● Work instruction
First find the line with "L'outil permet également" in the entries below, then set down exactly every line through the line with "Source : SGPC", that line included.
##### Supplied records
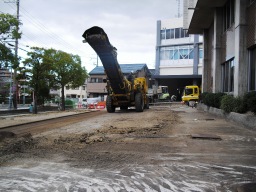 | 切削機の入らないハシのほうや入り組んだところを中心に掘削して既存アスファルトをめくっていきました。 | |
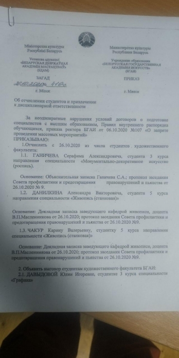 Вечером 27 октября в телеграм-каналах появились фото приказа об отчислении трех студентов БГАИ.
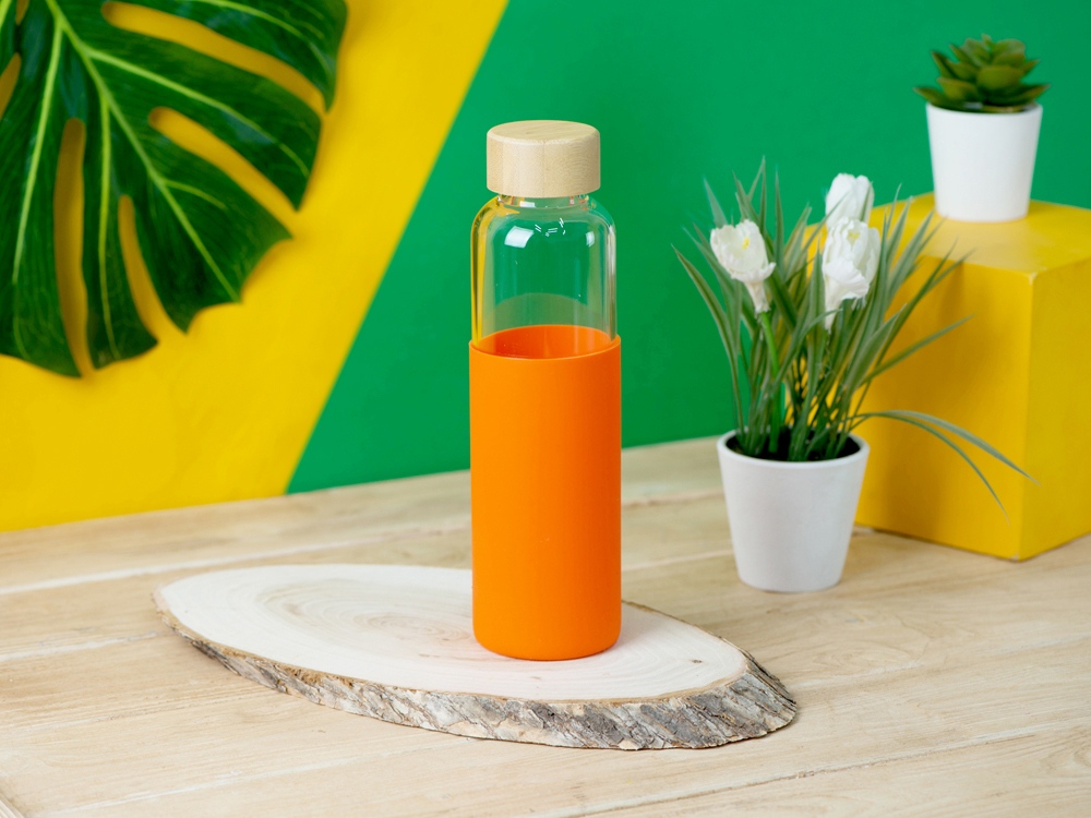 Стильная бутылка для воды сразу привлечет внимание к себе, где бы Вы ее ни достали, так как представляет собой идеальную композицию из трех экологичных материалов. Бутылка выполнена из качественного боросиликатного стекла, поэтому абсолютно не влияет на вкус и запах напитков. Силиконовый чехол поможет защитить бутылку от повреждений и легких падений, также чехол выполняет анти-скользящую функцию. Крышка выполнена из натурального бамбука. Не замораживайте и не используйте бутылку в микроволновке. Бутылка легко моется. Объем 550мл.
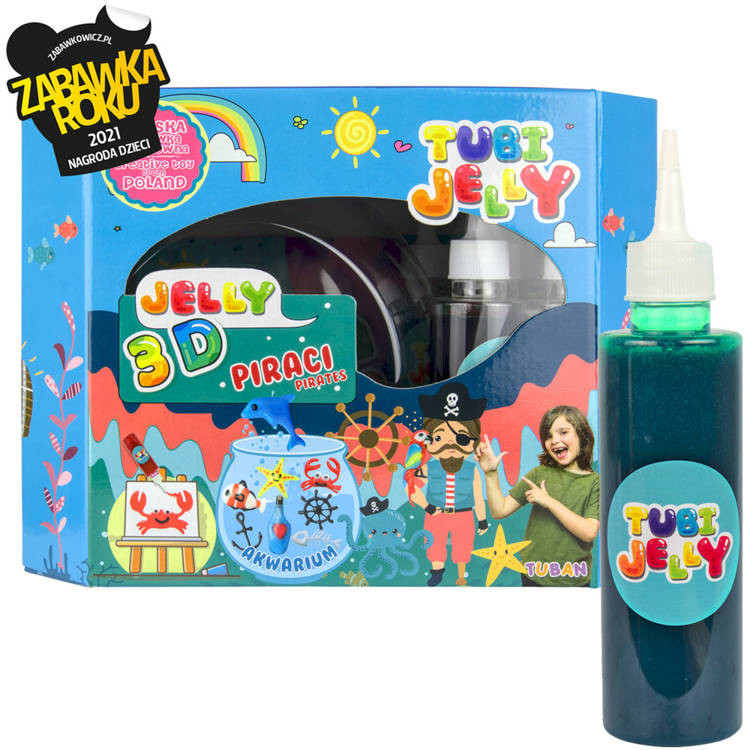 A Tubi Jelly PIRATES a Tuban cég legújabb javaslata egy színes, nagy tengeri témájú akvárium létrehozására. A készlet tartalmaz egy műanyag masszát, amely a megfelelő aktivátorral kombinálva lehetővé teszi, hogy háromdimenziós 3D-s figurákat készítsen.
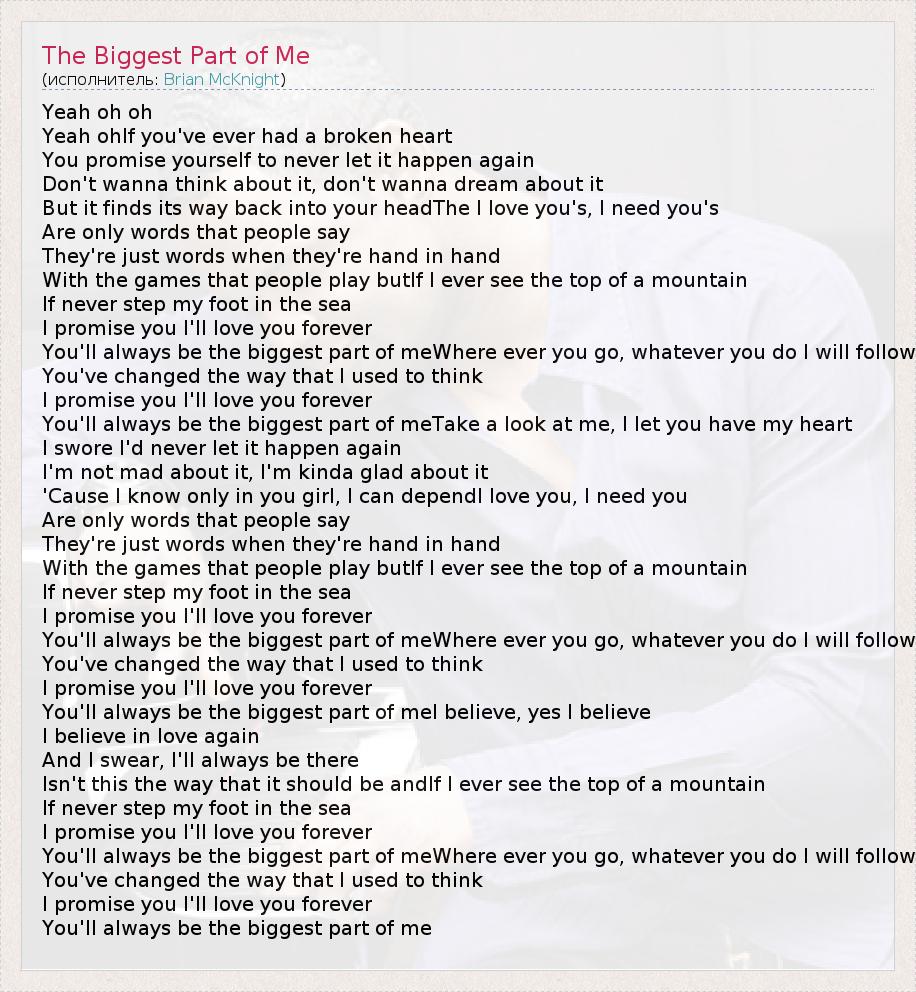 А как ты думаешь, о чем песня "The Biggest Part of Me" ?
##########
##### Supplied records
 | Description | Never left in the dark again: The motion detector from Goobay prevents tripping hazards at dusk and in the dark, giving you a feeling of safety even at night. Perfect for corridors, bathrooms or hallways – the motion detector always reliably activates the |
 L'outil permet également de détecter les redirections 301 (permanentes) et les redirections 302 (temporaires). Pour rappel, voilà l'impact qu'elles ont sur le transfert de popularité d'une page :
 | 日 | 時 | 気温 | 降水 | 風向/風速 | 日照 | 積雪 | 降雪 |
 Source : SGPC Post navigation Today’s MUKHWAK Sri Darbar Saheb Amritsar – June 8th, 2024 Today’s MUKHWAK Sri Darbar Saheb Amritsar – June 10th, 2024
##########
● Final answer
 L'outil permet également de détecter les redirections 301 (permanentes) et les redirections 302 (temporaires). Pour rappel, voilà l'impact qu'elles ont sur le transfert de popularité d'une page :
 | 日 | 時 | 気温 | 降水 | 風向/風速 | 日照 | 積雪 | 降雪 |
 Source : SGPC Post navigation Today’s MUKHWAK Sri Darbar Saheb Amritsar – June 8th, 2024 Today’s MUKHWAK Sri Darbar Saheb Amritsar – June 10th, 2024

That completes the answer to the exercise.